France ceded to Canada perpetual use of a portion of land on Vimy Ridge on the understanding that Canada use the land to establish a battlefield park and memorial. Wartime tunnels, trenches, craters, and unexploded munitions still honeycomb the grounds of the site, which remains largely closed off for reasons of public safety. Along with preserved trench lines, several other memorials and cemeteries are contained within the park.

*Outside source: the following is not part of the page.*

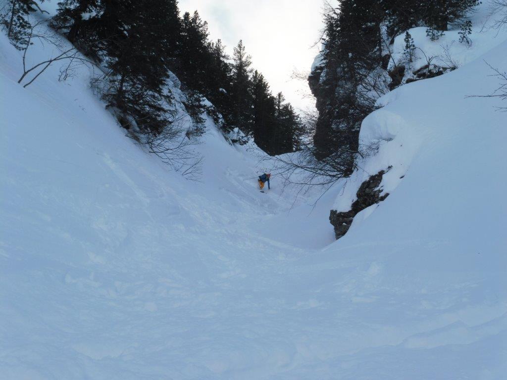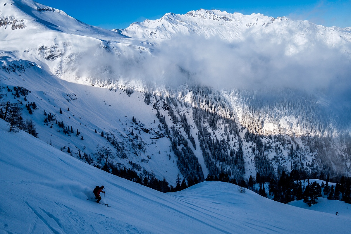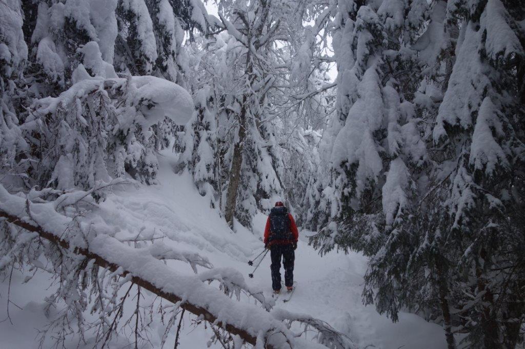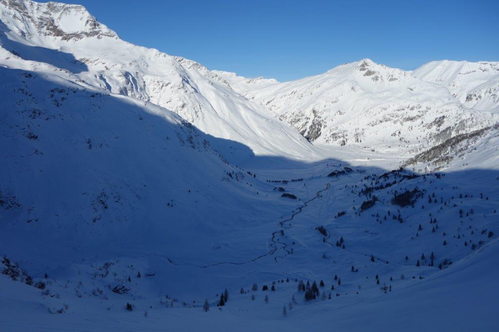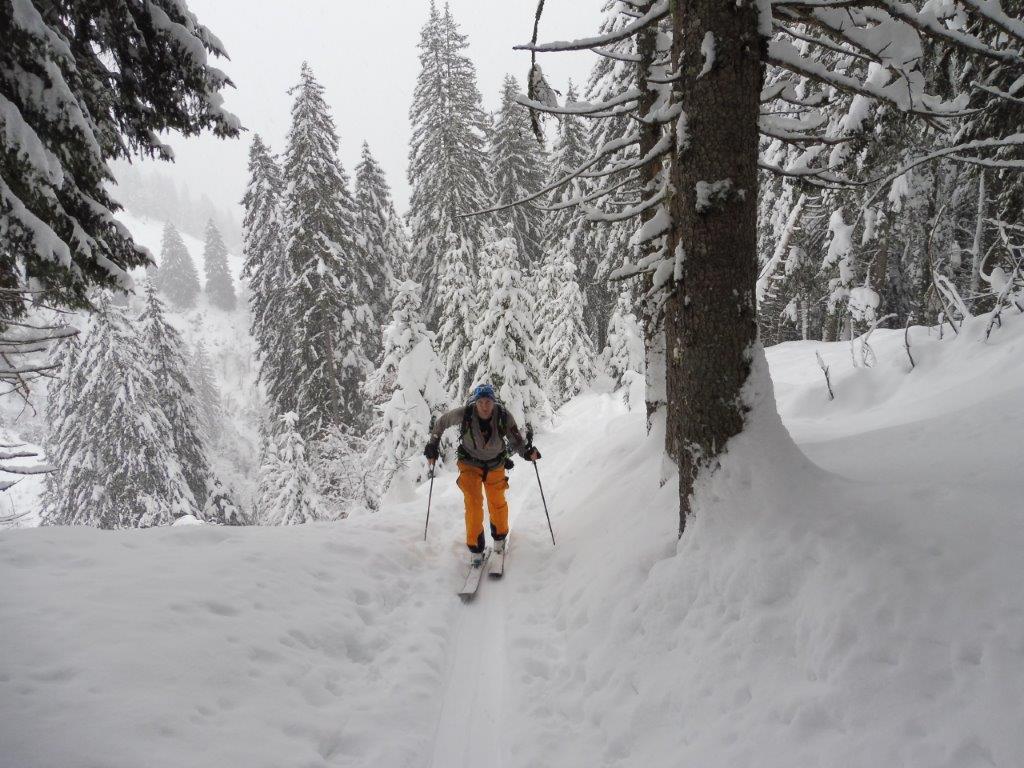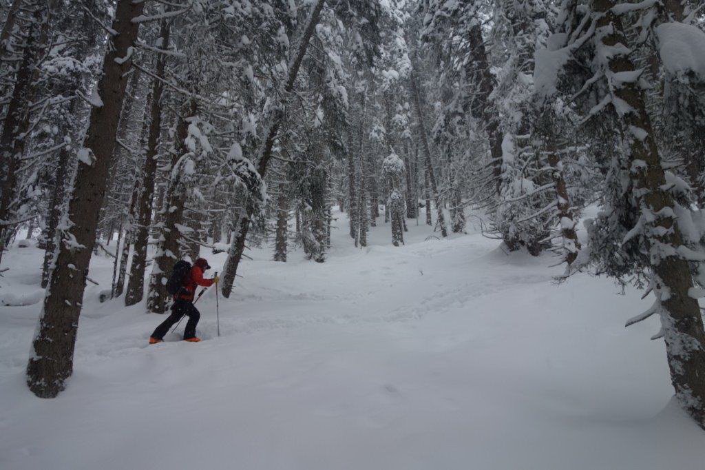 Piatková predpoveď sľubuje vietor a sneženie preto nie je priestor na žiadne veľkolepé túry. Jarouš vyberá miestnu klasiku Kalkbretterkopf v údolí Angertal. Začíname pri údolnej stanici lanovky a krátko na to začneme naberať výšku strmou stopou lesom. Zimná rozprávka. Stromy olepené množstvom snehu, takmer bezvetrie a čerstvo prešliapaná stopa. Tesne pod Gadauner almami vychádzame z lesa. Viditeľnosť biedna, vietor silnie a sneží. Našinec neznalý pomerov by to asi mal už zabaliť, Jarouš však vie ako bezpečne ďalej, tak pokračujeme smerom za našim dnešným cieľom. Túra, ktorá je za dobrých podmienok veľmi populárna a hostí desiatky skialpinistov, dnes nie je taká vychytená. V doline stretávame možno tri dvojice a na vrchol idú za nami len dvaja odvážlivci. Pod vrcholovým hrebeňom nasadíme haršajzne, ostrý hrebienok na pešo a k vrcholu zase na lyžiach. Nezdržujeme sa. Zhodiť pásy, dotiahnuť lyžiarky a ide sa dole. Lyžujeme vrcholových žliabkom ufúkaným snehom. Asi po 100 výškových metroch to však pride. Prašan, zo začiatku trošku zmenený vetrom, čím nižšie, tým lepšie podmienky. Skutočná odmena. Vietor nám už vôbec nevadí a užívam si prvé oblúky tejto zimy a hneď v takomto perfektnom snehu. Dole potokom a kúsok po zjazdovke. Prvých 1200 výškových metrov tejto zimy nemalo chybu napriek tomu, že bolo zamračené so snežením.
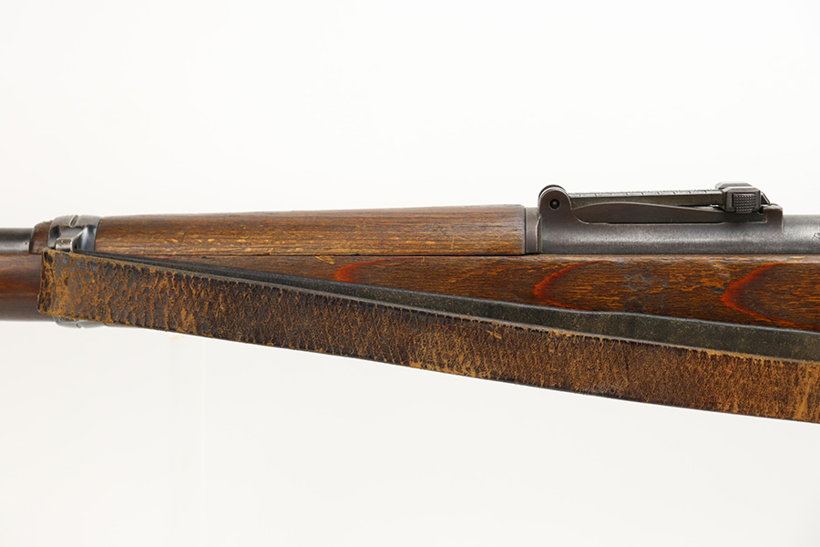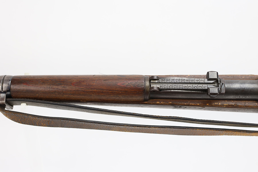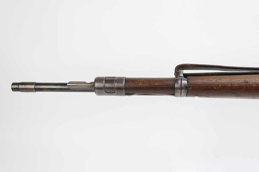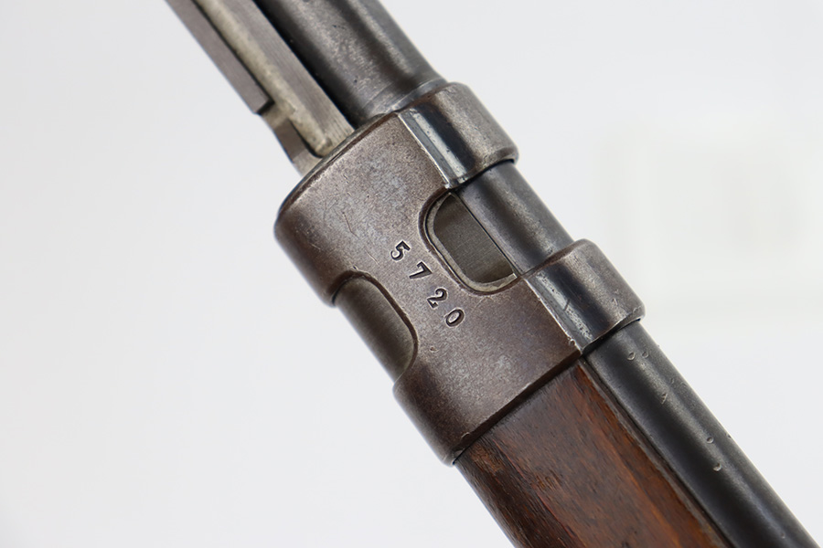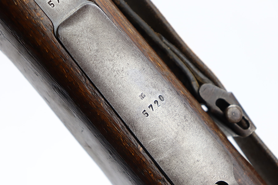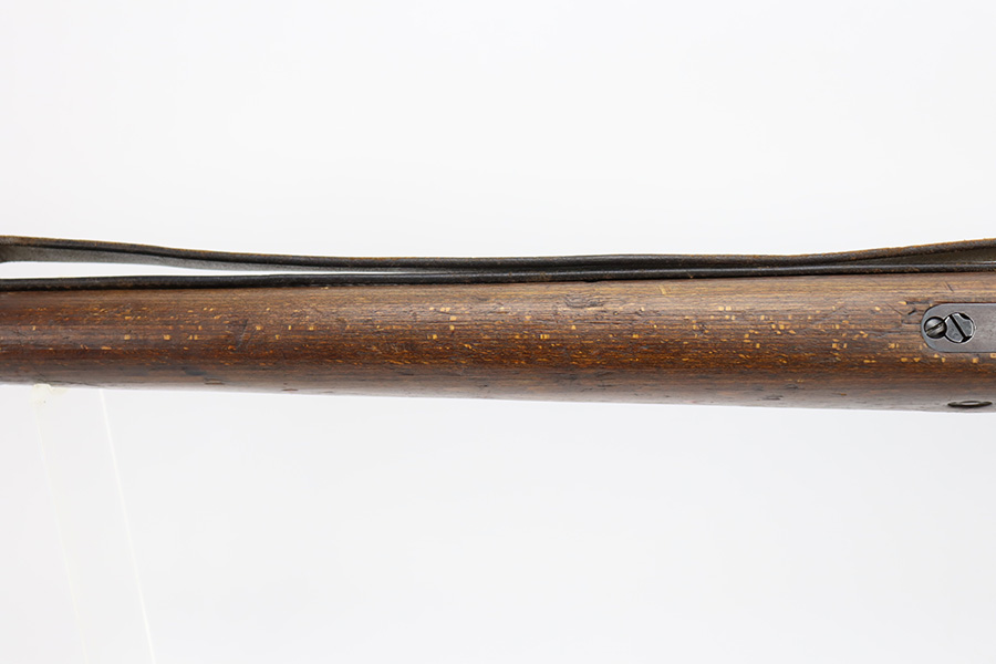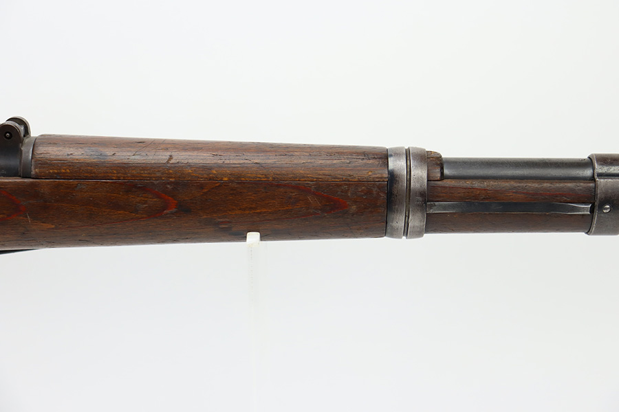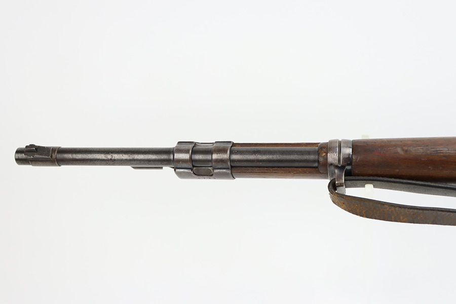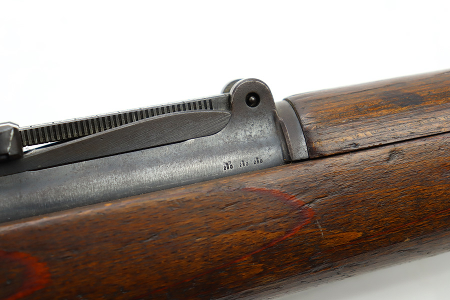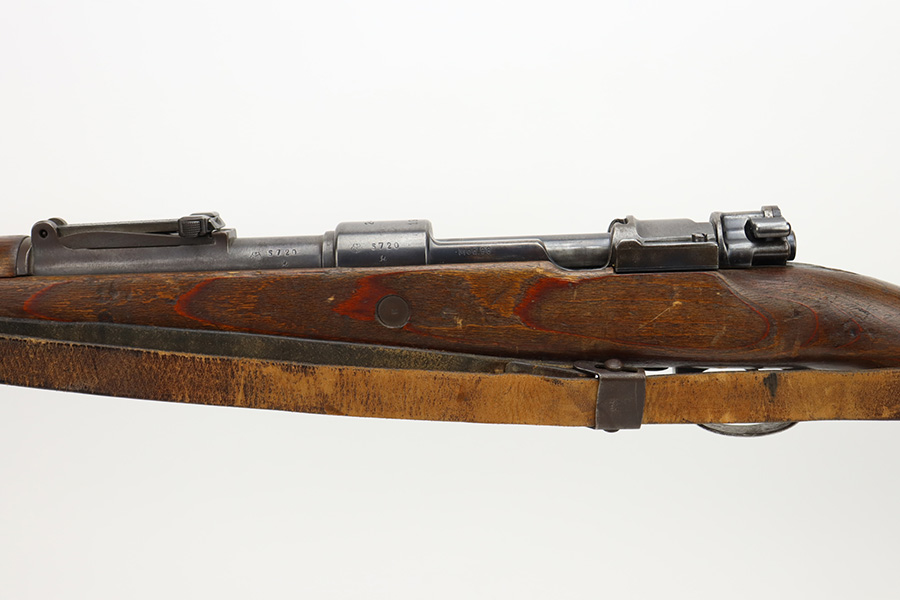 12/1/23 – This is a matching and original K98 that was made in 1938 for the German Army at the Mauser AG Borsigwalde factory. All numbered parts on the rifle match, including the receiver, barrel, bands, rear sight assembly, trigger assembly, floorplate, buttplate, stock, bolt, etc. The safety is unnumbered and was likely replaced/repaired at some point. The bluing on the rifle is original but shows some thinning and patina throughout, most pronounced on the trigger group and the barrel. Bore has good rifling but minor frost and freckling in the grooves. The stock shows handling wear and age with a thin gouge on the right face, but no structural issues. Comes with a worn but original leather sling.

Although the battle is not generally considered Canada's greatest military achievement, the image of national unity and achievement imbued the battle with considerable national significance for Canada. According to Pierce, "the historical reality of the battle has been reworked and reinterpreted in a conscious attempt to give purpose and meaning to an event that came to symbolize Canada's coming of age as a nation." The idea that Canada's identity and nationhood were born out of the battle is an opinion that is widely held in military and general histories of Canada. The battle was the largest territorial advance of any Allied Force to that point in the war – but it would mean little to the outcome of the conflict. More than 10,500 Canadians were killed and wounded in the assault. Today an iconic white memorial atop of the ridge honours the 11285 Canadians killed in France throughout the war who have no known graves. The trip to France included wearing red jackets and throughout Justines’s trip the people encountered were extremely hospitable and welcomed Canadians openly.  They obviously were Canadian and even encountered some friendly Australians who discussed the Memorial as well as the poem In Flanders Field by John McCrae.
 
Walley Jarvis thanked Justine on behalf of the Club for the informative presentation.
 
Closing: We joined together in a Moment of Silence in Memory of those who have served to protect us and those that have paid the supreme sacrifice for all Canadians.